In the event that less than twenty-five (25%) percent of the membership
is present at any meeting, the presiding member may adjourn from
time to time until a quorum is present. However, if at a meeting
a quorum existed at the time set for that meeting, then a quorum
will be deemed to exist for the length of that entire meeting.
Article (9)
The Board of Directors, within 14 days of each Class election, by
majority vote, shall elect a President, two Vice-Presidents and
Secretary, Treasurer. Other offices may be established and elected
by the Board of Directors. The President shall appoint a Nominating
Election Committee two months prior to the annual meeting and elections
for the purpose of nominating Directors and preparing ballots, and
attending to any other responsibilities associated with the nomination
and election process.
Article (10)
These By-Laws may be amended or repealed in whole or in part by
a majority vote of the membership present at any duly organized
special meeting of the corporation.
Article (11)
Bylaws will be hereafter adopted. Such bylaws may be amended or
repealed in whole or in part, in the manner provided therein, and
the amendments to the bylaws shall be binding on all members, including
those who may have voted against them.
Article (12)
In the event of dissolution of this corporation, the board of directors
shall, after paying or making provisions for the payment of all
liabilities of the corporation, dispose of all the unencumbered
excess assets of the corporation in a manner as such organization(s)

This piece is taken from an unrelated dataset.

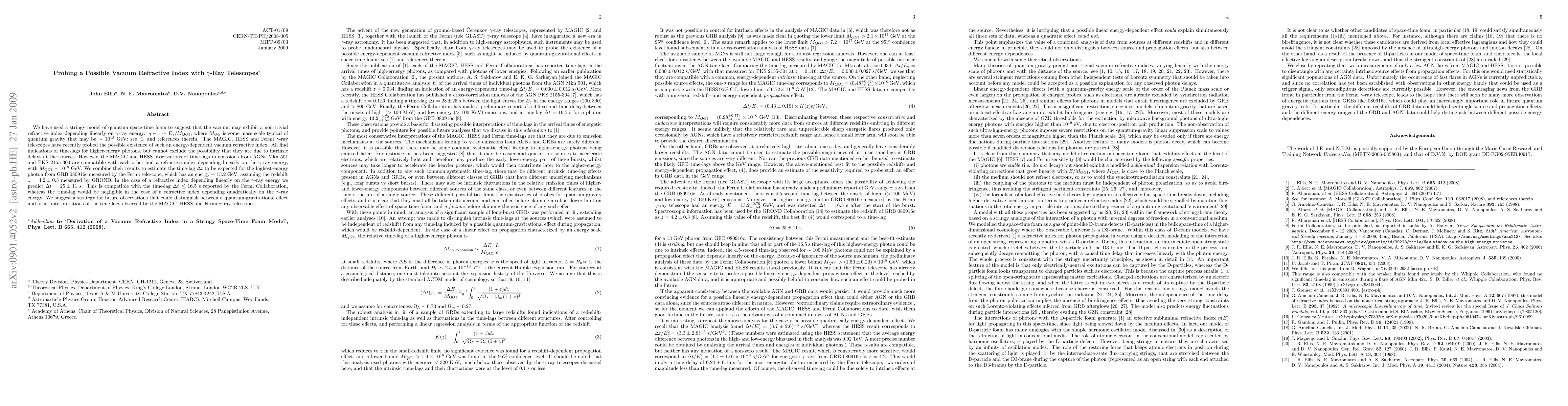 We have used a stringy model of quantum space-time foam to suggest that the vacuum may exhibit a non-trivial refractive index depending linearly on gamma-ray energy: eta -1 ~ E_gamma/M_QG1, where M_QG1 is some mass scale typical of quantum gravity that may be ~ 10^18 GeV: see Phys. Lett. B 665, 412 (2008) and references therein. The MAGIC, HESS and Fermi gamma-ray telescopes have recently probed the possible existence of such an energy-dependent vacuum refractive index. All find indications of time-lags for higher-energy photons, but cannot exclude the possibility that they are due to intrinsic delays at the sources. However, the MAGIC and HESS observations of time-lags in emissions from AGNs Mkn 501 and PKS 2155-304 are compatible with each other and a refractive index depending linearly on the gamma-ray energy, with M_QG1 ~ 10^18 GeV. We combine their results to estimate the time-lag Delta t to be expected for the highest-energy photon from GRB 080916c measured by the Fermi telescope, which has an energy ~ 13.2 GeV, assuming the redshift z = 4.2 \pm 0.3 measured by GROND. In the case of a refractive index depending linearly on the gamma-ray energy we predict Delta t = 25 \pm 11 s. This is compatible with the time-lag Delta t <= 16.5 s reported by the Fermi Collaboration, whereas the time-lag would be negligible in the case of a refractive index depending quadratically on the gamma-ray energy. We suggest a strategy for future observations that could distinguish between a quantum-gravitational effect and other interpretations of the time-lags observed by the MAGIC, HESS and Fermi gamma-ray telescopes.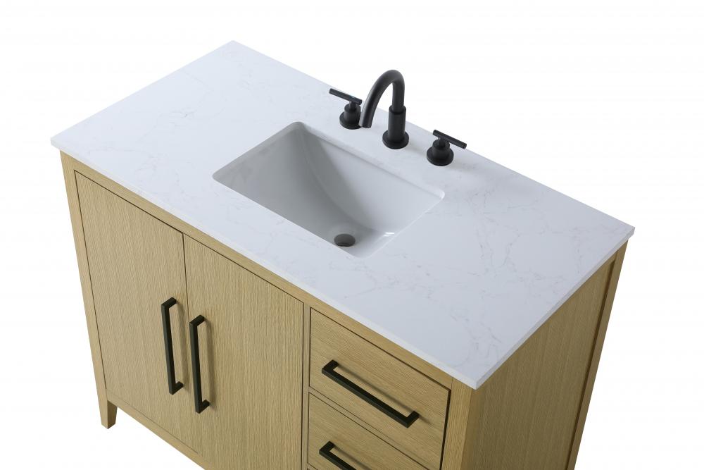 Topped with a white engineered marble countertop featuring elegant veining, this vanity adds a luxurious yet durable surface that’s easy to maintain.

operated for exclusively charitable, education, religious, or scientific
purposes may dispose of assets in conformance with existing law.
Article (13)
Order of business for meetings: Call to order at appointed time.
Call for nonmembers to leave the meeting. Only those members with
valid Massachusetts Snow and Ice Removal membership cards and a
valid picture I.D. will be allowed access to the meeting room. Call
for all cell phones to be turned off. Recognition of new members.
Secretary will read the minutes of the last meeting. The treasurer
will give a report. The Board of Directors will provide a report.
All committees will report. All unfinished business will be attended
to. New business will be discussed. Meeting will be adjourned.
Article (14)
Dues shall be set by the Board of Directors. Payable by August 1st.
The Treasurer of the association shall be required to send a dues
statement to each member no later than June 1st.
Article (15)
No funds shall be solicited or collected in the name of the association
except by vote of the Board of Directors.